• **RAW DATA**:
------------------------------------------------------------------------

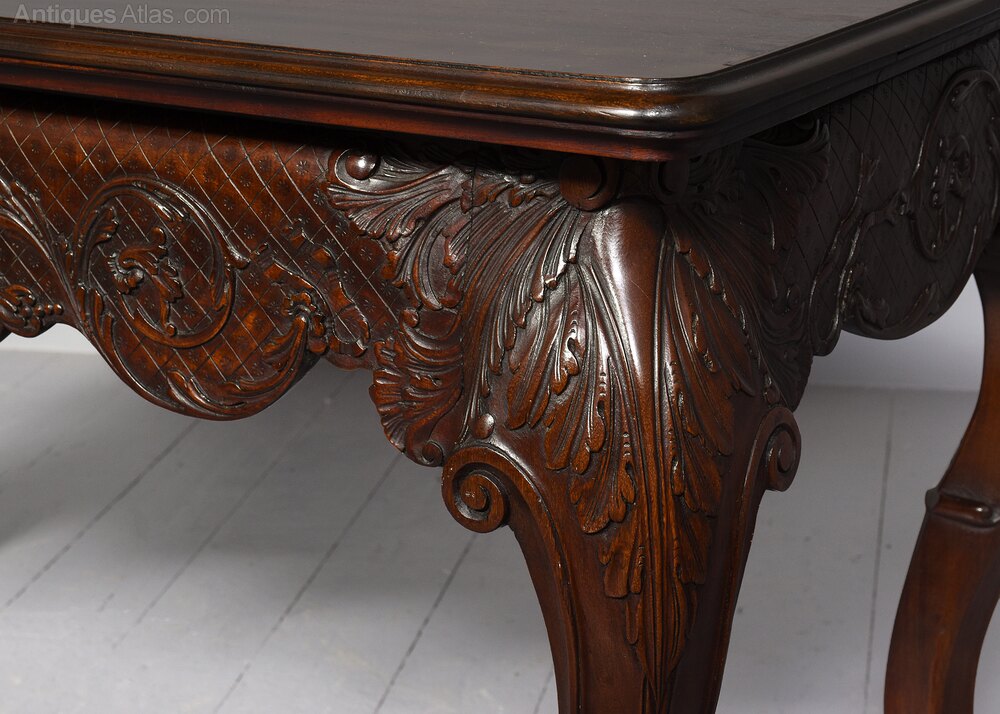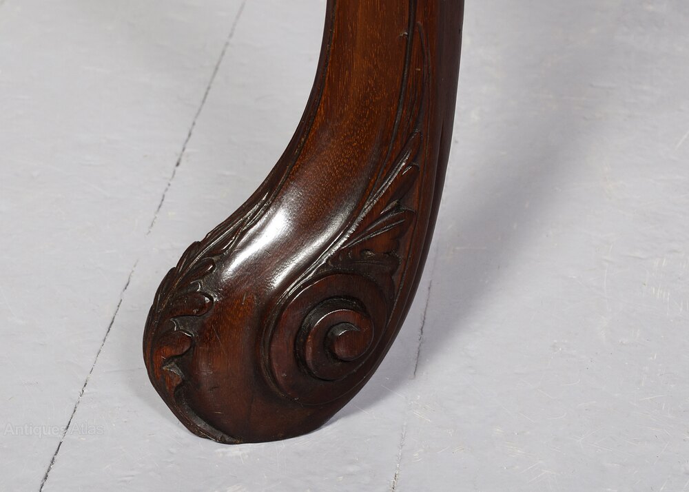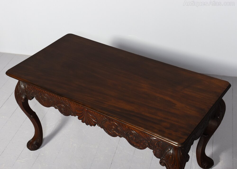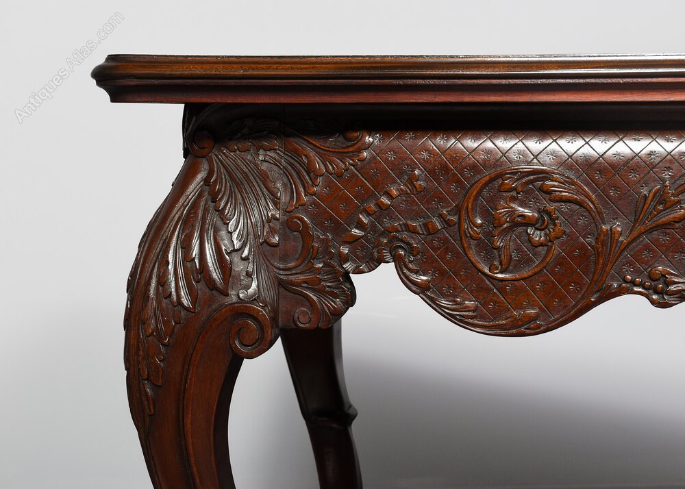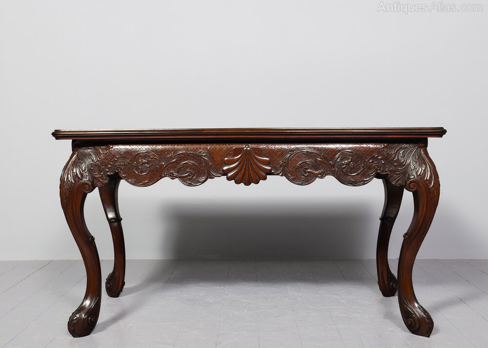 Circa 1880. Outstanding Irish Chippendale style consul table in the manner of Hicks of Dublin. The single-piece rectangular top, with moulded edges on all sides in a quality figured Spanish mahogany. The classical Irish deep frieze with a central shell and rococo foliate decorations, and supported on fluted cabriole legs with bold acanthus carved knees terminating in acanthus decorated scrolled toes. The sides with matching decorated skirts, and the rear legs (unusually) of similar bold construction to the front legs. The antique wood mahogany top (possibly originally had a marble top) has been traditionally restored. 76 cm H x 140 cm W x 72 cm DJames Hicks was born into a family of Dublin chair-makers and was trained in London in the cabinet-making workshops on Tottenham Court Road. On his return to Dublin, he set up businesses in Lower Pembroke Street in 1894 and established what was to become one of the city's leading cabinet-making firms. His clients included Princess Victoria, the Crown Princess of Sweden, and King Edward VII. The firm specialised in high-quality copies of pieces in the styles of Sheraton, Hepplewhite and Chippendale as well as pieces in the style of the prominent 18th century Dublin cabinetmaker and marqueteer William Moore. Hicks described himself as a 'Cabinet Manufacturer, Collector and Restorer of Chippendale, Adam and Sheraton furniture'
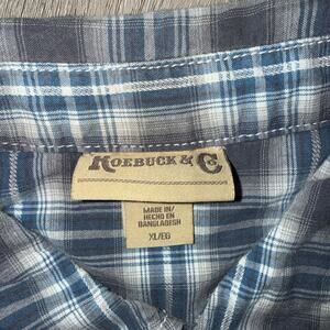 Keywords: Roebuck plaid shirt men XL snap button Western pearl snaps short sleeve casual cotton
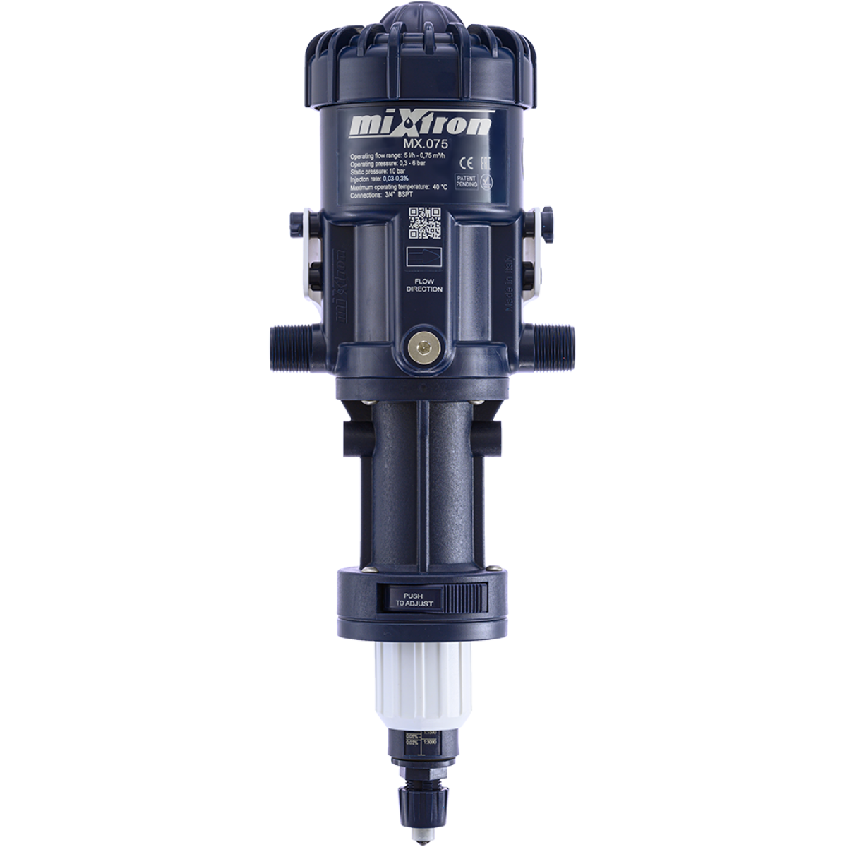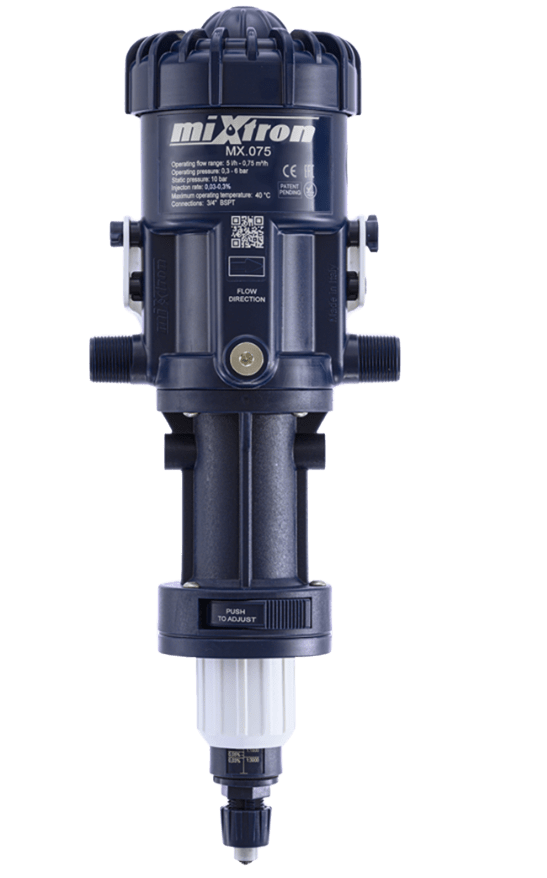 Mixtron MX.075.P003– це високоточний медикатор-дозатор, який працює виключно на водяному тиску (від 0,3 до 6 бар) і не потребує електроживлення. Його гнучке співвідношення дозування в діапазоні 0,03 - 0,3 %забезпечує ефективне змішування рідких препаратів із водою незалежно від витрати.
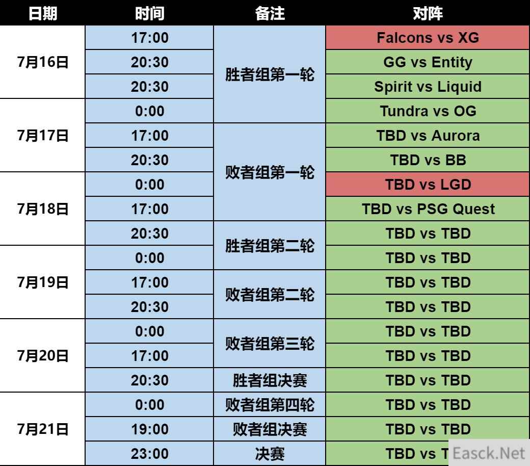 败者组晋级战队: Aurora LGD Quest BB 淘汰战队: HEROIC Blacklist bc MOUZ 利雅得大师赛淘汰赛将在7月16日17:00开始,首场比赛XG.WBG对阵Falcons,败者组LGD的比赛将于7月18日00:00开始。
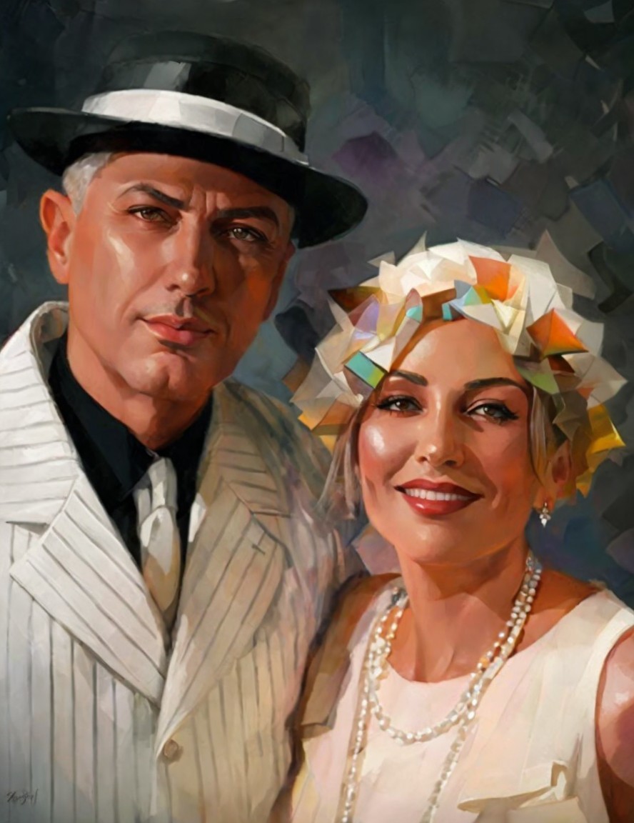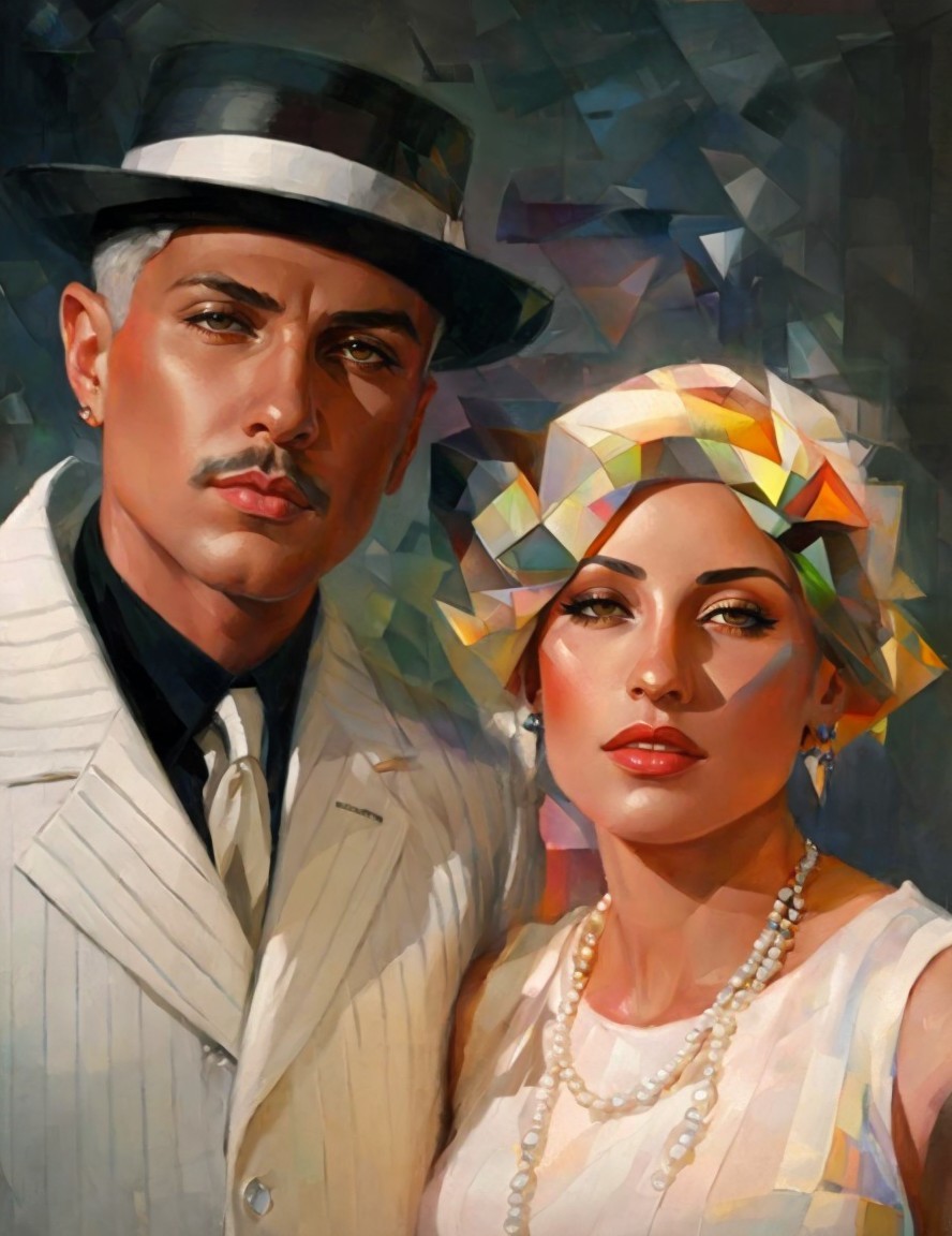 Stylish man and woman in hat and headscarf against abstract cityscape
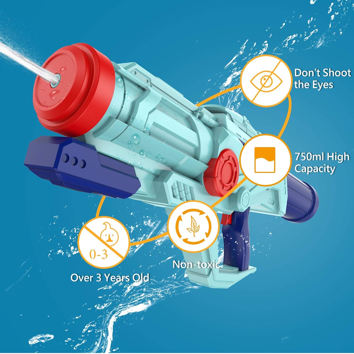 Cool Design - Safe Material: Bright blue color, durable and non-toxic ABS material, no small parts or any sharp edges, this water pistol is great for family fun, swimming pool, party and outdoor activities, water sprays by pulling the trigger after sliding the pump back and forth. Good gift choice for the coming summer!
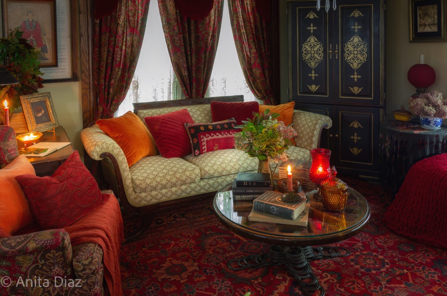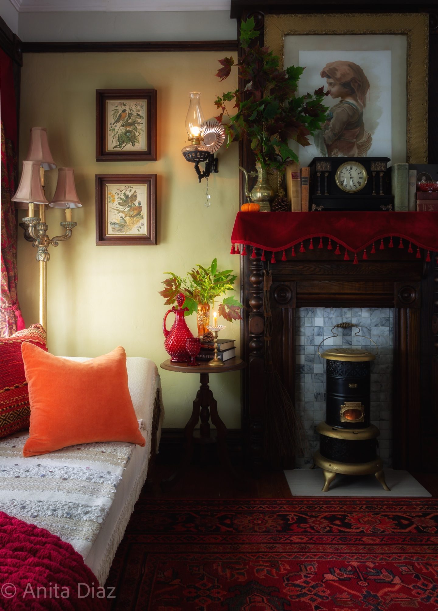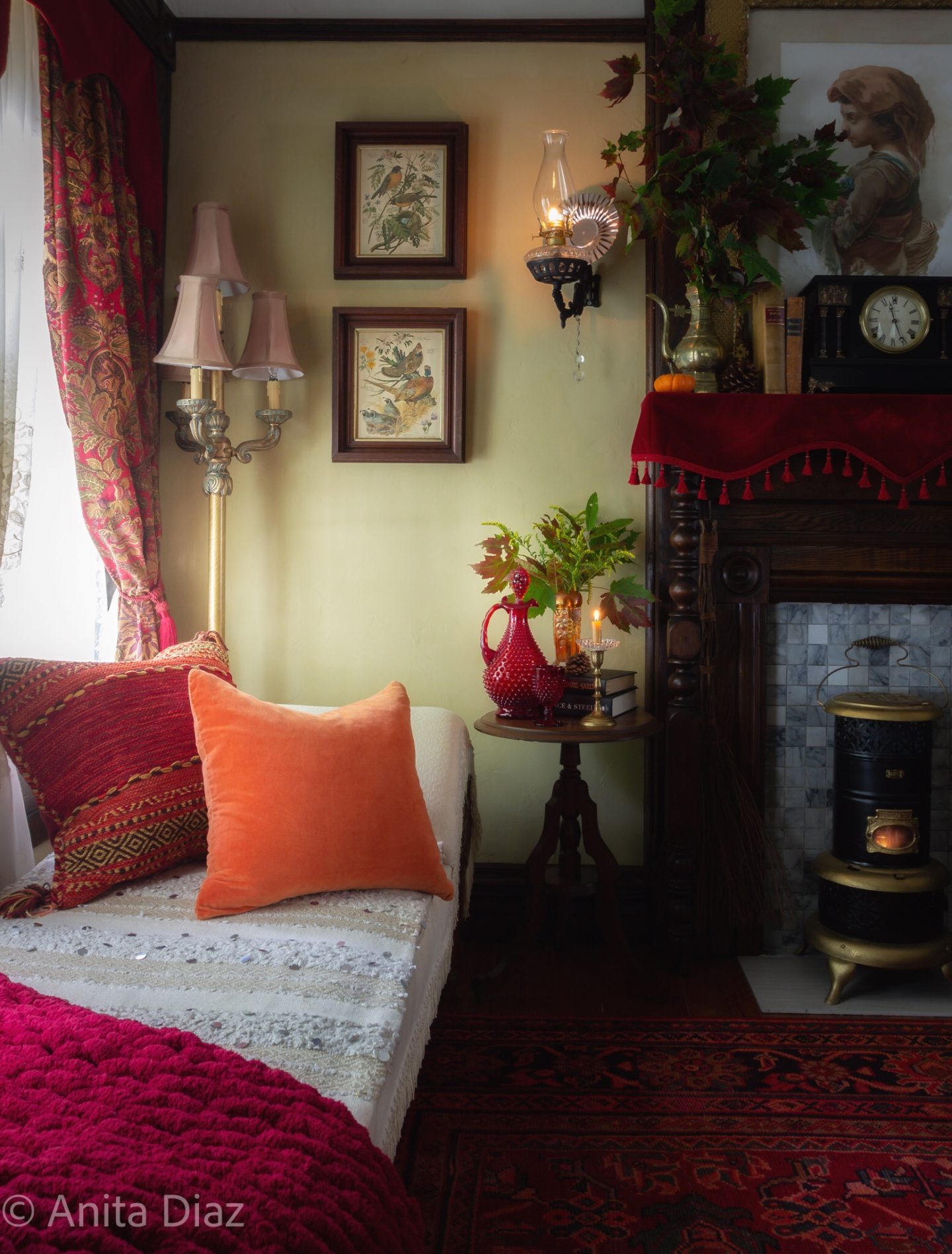 What a stunning vision Anita. Your vintage pieces, bright and bold colors, and candles give this space the most welcoming space for the fall season. That area rug is gorgeous. Thank you so much for sharing your home with us. Happy Fall!

------------------------------------------------------------------------

Repeat the line that contains "Cool Design - Safe" and each line after it, through the last line of the listing, exactly and alone; pictures stay out of the repeat.

• **ANSWER TO THE EXERCISE**:
 Cool Design - Safe Material: Bright blue color, durable and non-toxic ABS material, no small parts or any sharp edges, this water pistol is great for family fun, swimming pool, party and outdoor activities, water sprays by pulling the trigger after sliding the pump back and forth. Good gift choice for the coming summer!
 What a stunning vision Anita. Your vintage pieces, bright and bold colors, and candles give this space the most welcoming space for the fall season. That area rug is gorgeous. Thank you so much for sharing your home with us. Happy Fall!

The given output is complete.